• _DATASET SECTION_:
_ _ _ _ _ _ _
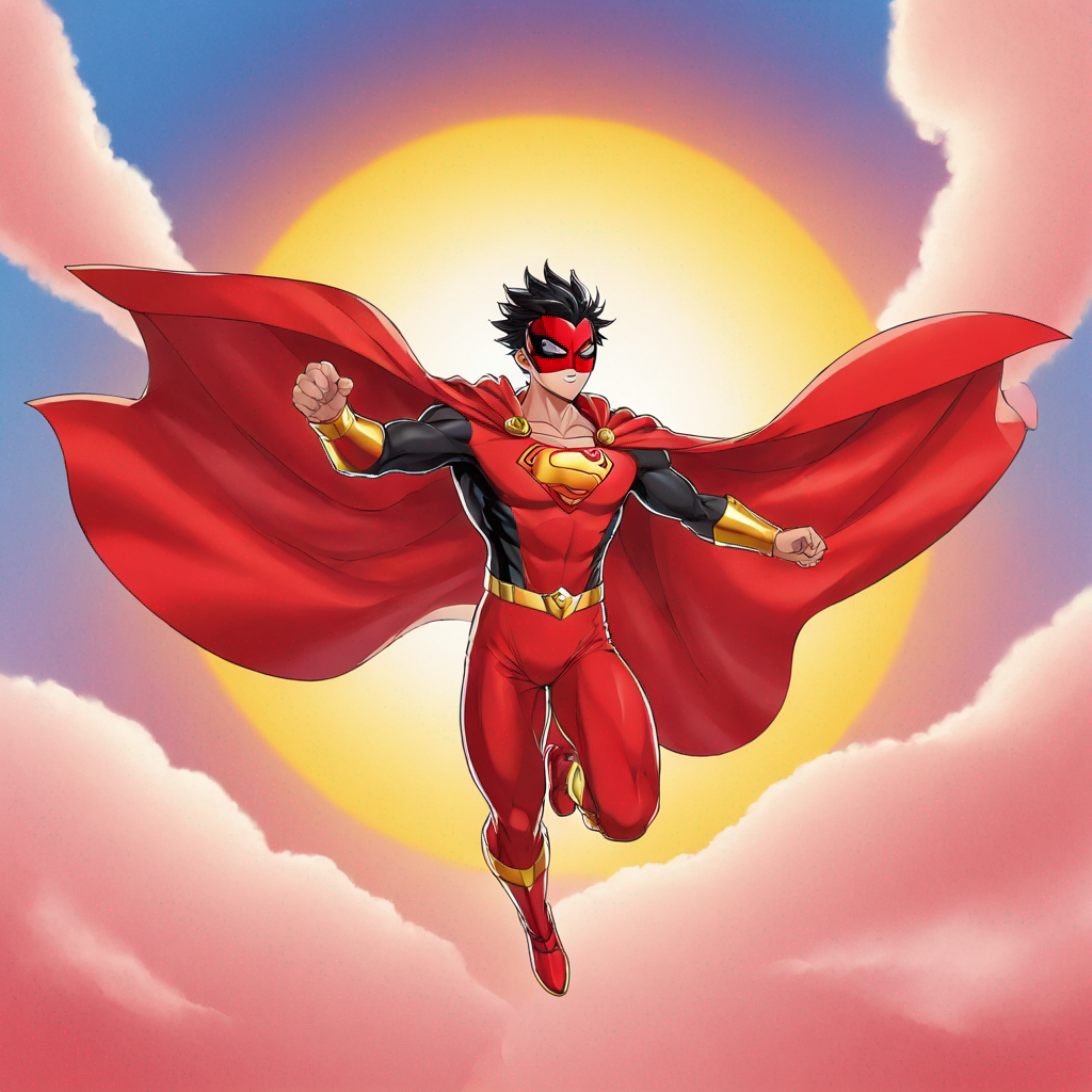 flying in the air, wearing a mask, red cape, sun shining
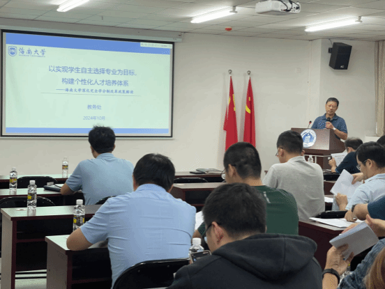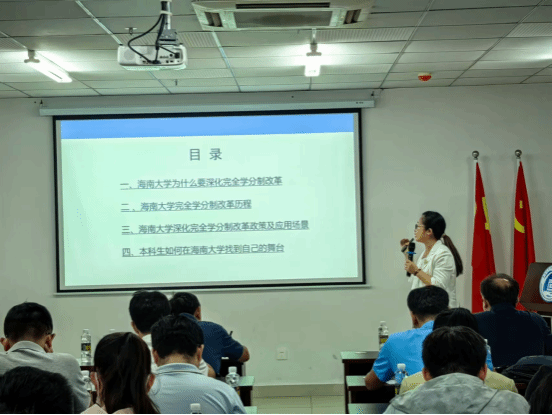 宣讲会上, 李玉凤副处长从海南大学为什么要深化完全学分制改革、海南大学完全学分制改革历程、深化完全学分制改革政策及应用场景等方面进行了全面阐述和详细解读。深化完全学分制改革是学校目前重点工作之一。完全学分制改革坚持以人为本,尊重学生的主体性和差异性,通过修订人才培养方案、深化学业评价体系改革、创新教学模式、推进教育数字化建设等,给予本科学生四年中七次自主选择专业的机会,提升学生的自主学习能力,增强其综合素质和实践能力,为未来的职业发展奠定坚实基础。同时,通过完全学分制改革促进学校合理配置教学资源,实现教育资源的优化配置。
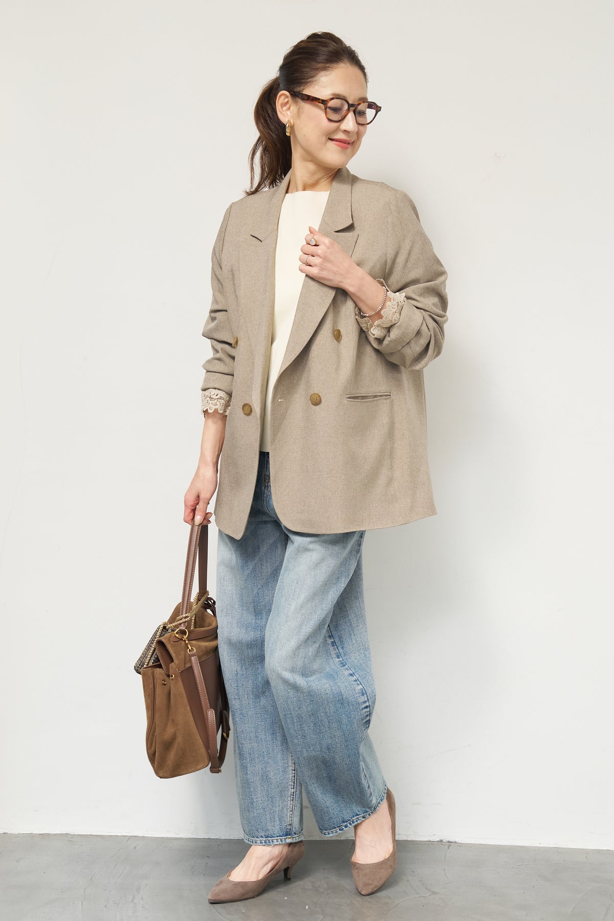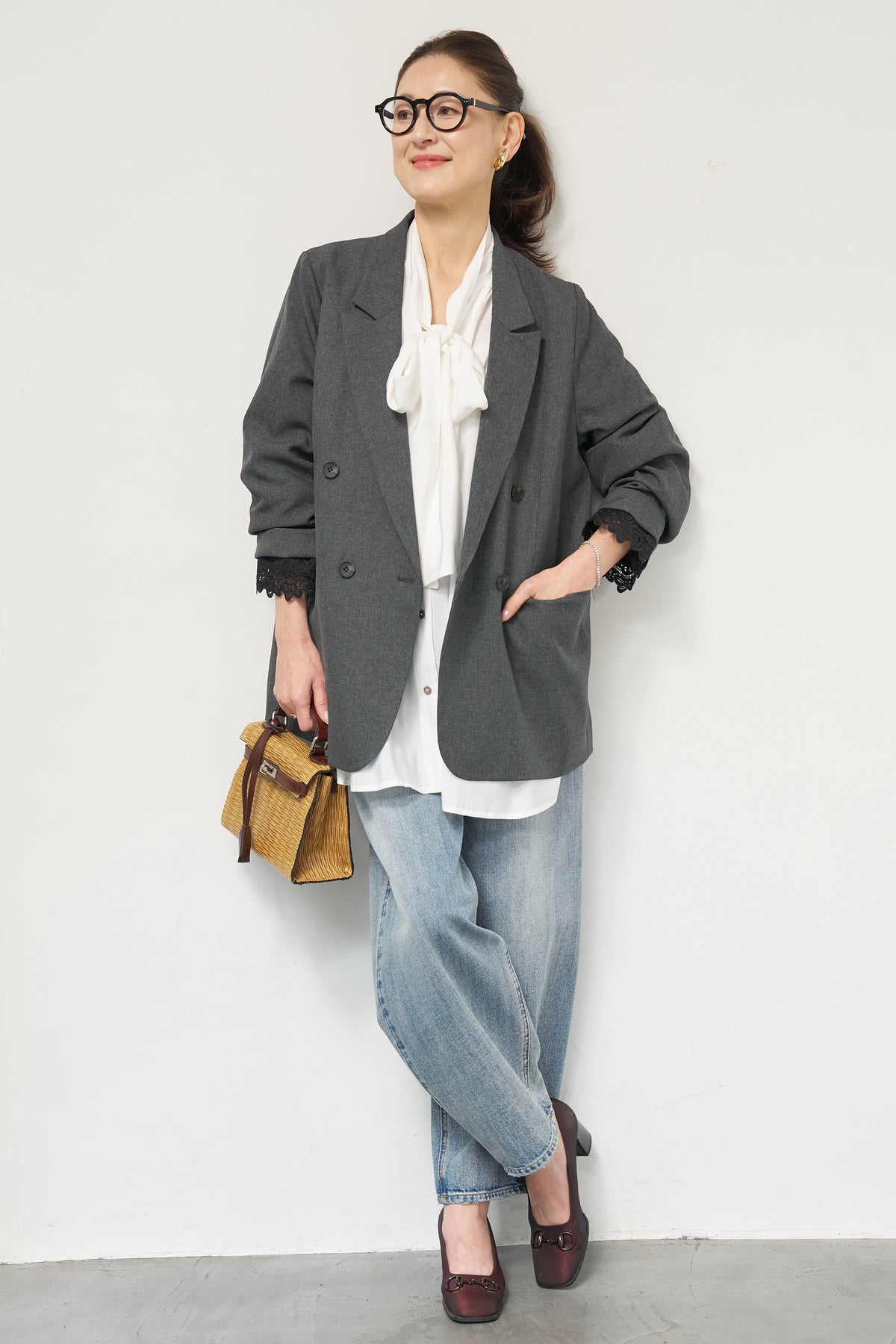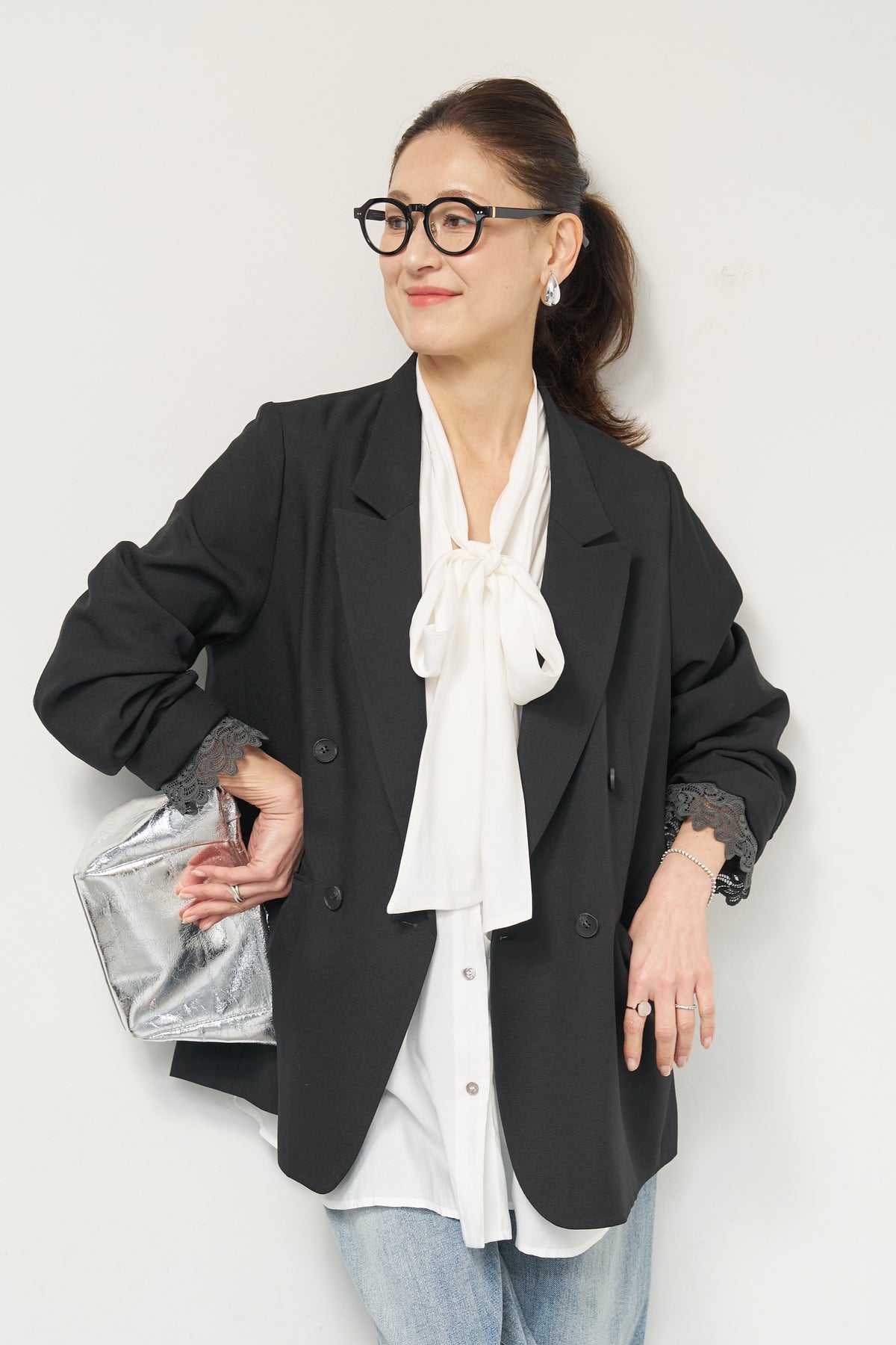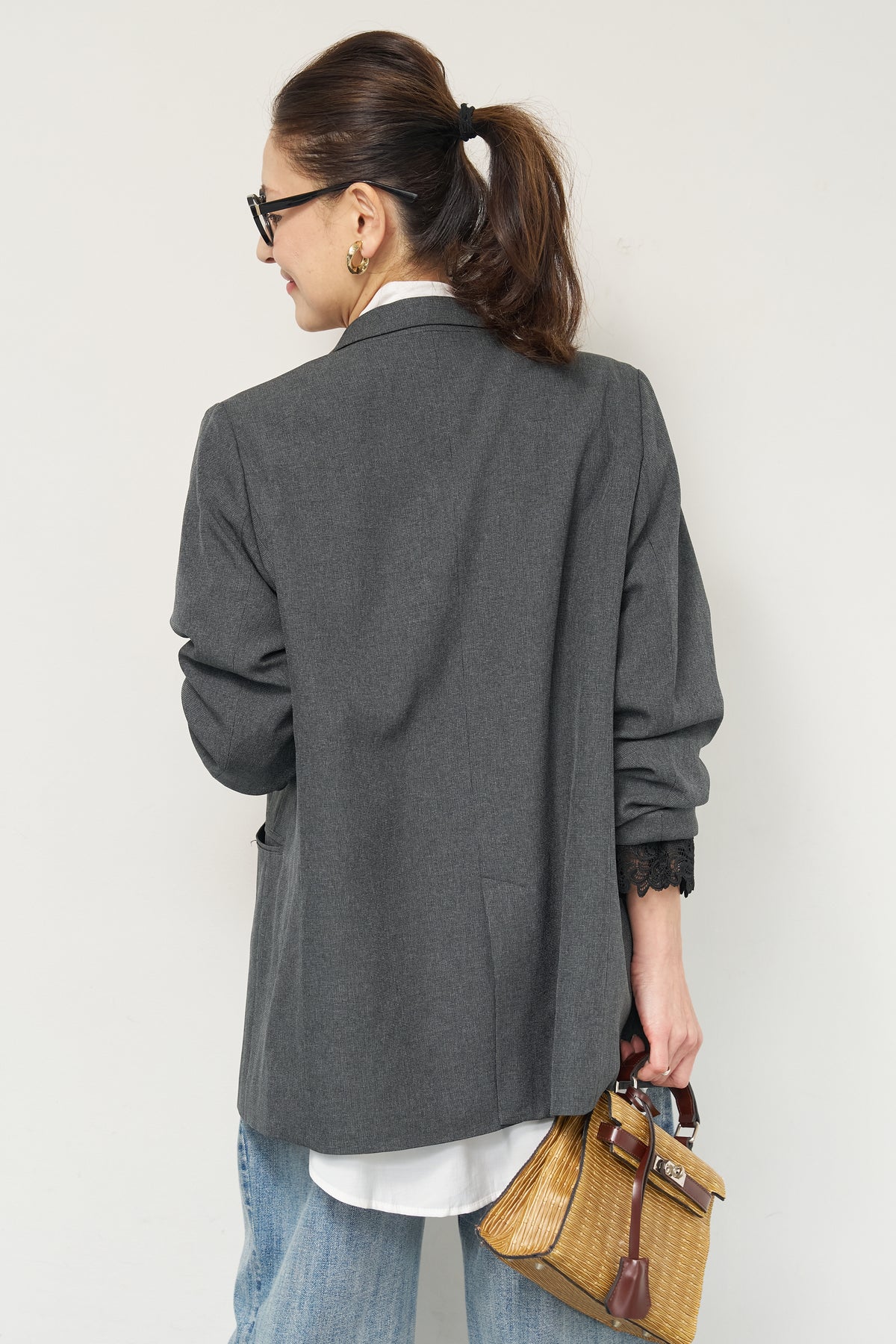 マニッシュなダブルブレストに、繊細なレースディテールを添えた大人のためのジャケット。きちんと感のあるテーラードデザインに、袖口から覗くレースが女性らしい抜け感を演出します。程よくゆとりのあるシルエットで、羽織るだけでこなれた印象に。デニムと合わせたカジュアルミックスはもちろん、きれいめボトムやワンピースの上に羽織れば、オンシーンにも対応可能です。袖はロールアップしてレースを際立たせる着こなしもおすすめ。シンプルながらもディテールにこだわった一着で、いつものスタイリングをワンランクアップしてくれます。
_ _ _ _ _ _ _
Output the listing above exactly as it stands; no picture should appear.

 flying in the air, wearing a mask, red cape, sun shining
 宣讲会上, 李玉凤副处长从海南大学为什么要深化完全学分制改革、海南大学完全学分制改革历程、深化完全学分制改革政策及应用场景等方面进行了全面阐述和详细解读。深化完全学分制改革是学校目前重点工作之一。完全学分制改革坚持以人为本,尊重学生的主体性和差异性,通过修订人才培养方案、深化学业评价体系改革、创新教学模式、推进教育数字化建设等,给予本科学生四年中七次自主选择专业的机会,提升学生的自主学习能力,增强其综合素质和实践能力,为未来的职业发展奠定坚实基础。同时,通过完全学分制改革促进学校合理配置教学资源,实现教育资源的优化配置。
 マニッシュなダブルブレストに、繊細なレースディテールを添えた大人のためのジャケット。きちんと感のあるテーラードデザインに、袖口から覗くレースが女性らしい抜け感を演出します。程よくゆとりのあるシルエットで、羽織るだけでこなれた印象に。デニムと合わせたカジュアルミックスはもちろん、きれいめボトムやワンピースの上に羽織れば、オンシーンにも対応可能です。袖はロールアップしてレースを際立たせる着こなしもおすすめ。シンプルながらもディテールにこだわった一着で、いつものスタイリングをワンランクアップしてくれます。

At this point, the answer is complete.